Stored data:
○ ○ ○ ○ ○ ○ ○

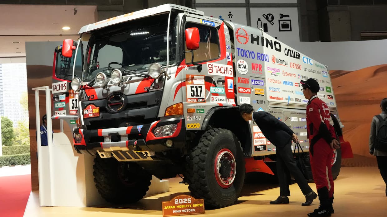 展示では、2026年発売予定の新型「日野セレナ」「日野レンジャー」を披露。「品質・耐久性・信頼性」(QDR)を追求する姿勢を改めて示し、ダカールラリー参戦車両も展示して技術力をアピールした。また、点検・整備から部品供給までを網羅したトータルサポート体制を説明し、「販売会社を含むグループ総合力で、お客様の稼働を止めない支援を続ける」とした。
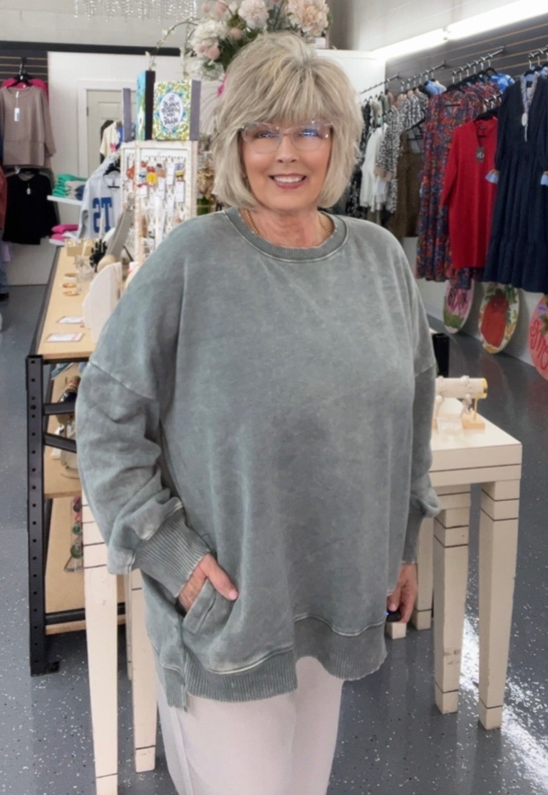 Hi low sweatshirt with pockets. 60% Cotton 40% Polyester
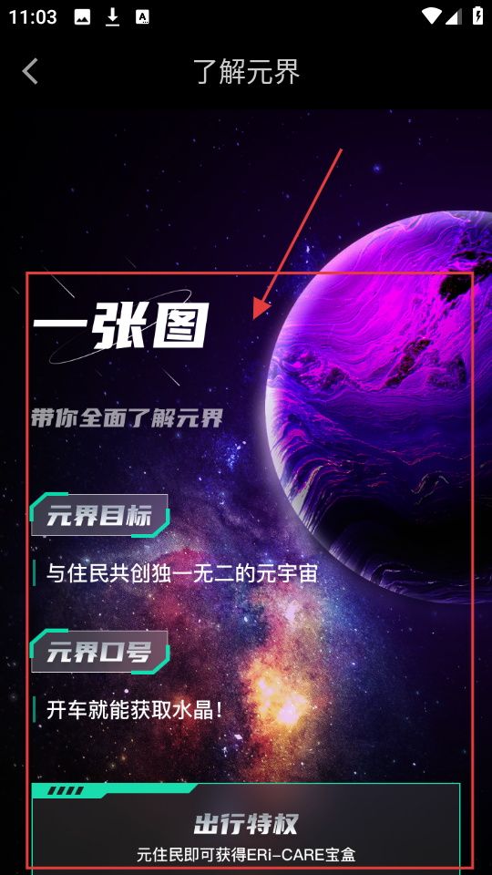 3、进入了解元界页,通过一张图全面了解元界,知晓元界目标、口号,还有出行特权等内容。
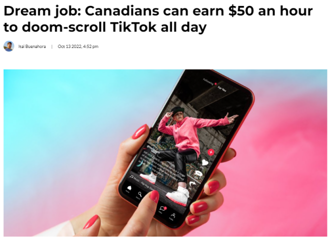 Ubiquitous是一家TikTok网红营销服务公司,希望支付每小时50加元的报酬,找人在TikTok上狂看12小时的视频。这12个小时可以分散在三天内完成,所以不用担心一天看太长时间。
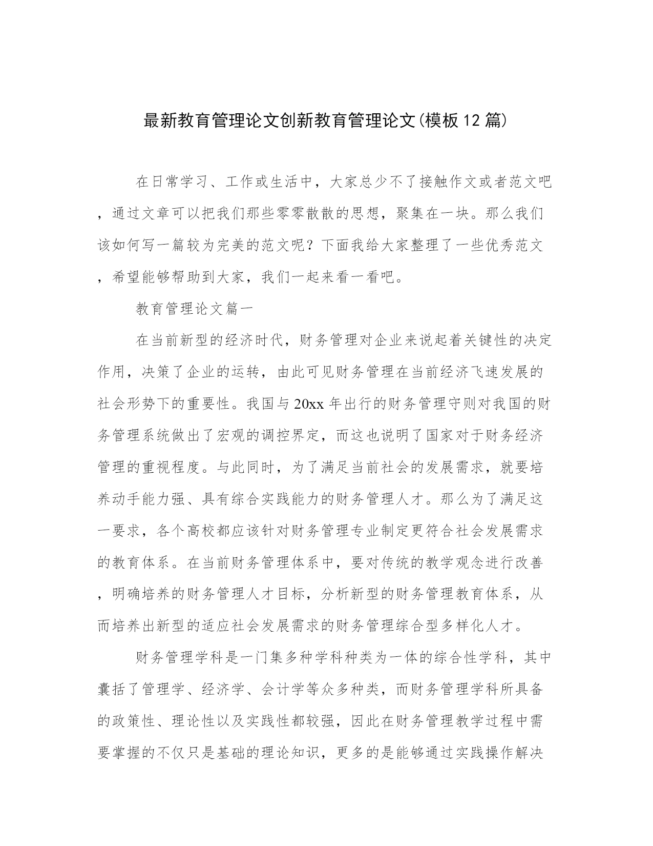 最新教育管理论文创新教育管理论文(模板12篇).docx

○ ○ ○ ○ ○ ○ ○

Although the entries contain pictures, reproduce only the rest, exactly as written.

 展示では、2026年発売予定の新型「日野セレナ」「日野レンジャー」を披露。「品質・耐久性・信頼性」(QDR)を追求する姿勢を改めて示し、ダカールラリー参戦車両も展示して技術力をアピールした。また、点検・整備から部品供給までを網羅したトータルサポート体制を説明し、「販売会社を含むグループ総合力で、お客様の稼働を止めない支援を続ける」とした。
 Hi low sweatshirt with pockets. 60% Cotton 40% Polyester
 3、进入了解元界页,通过一张图全面了解元界,知晓元界目标、口号,还有出行特权等内容。
 Ubiquitous是一家TikTok网红营销服务公司,希望支付每小时50加元的报酬,找人在TikTok上狂看12小时的视频。这12个小时可以分散在三天内完成,所以不用担心一天看太长时间。
 最新教育管理论文创新教育管理论文(模板12篇).docx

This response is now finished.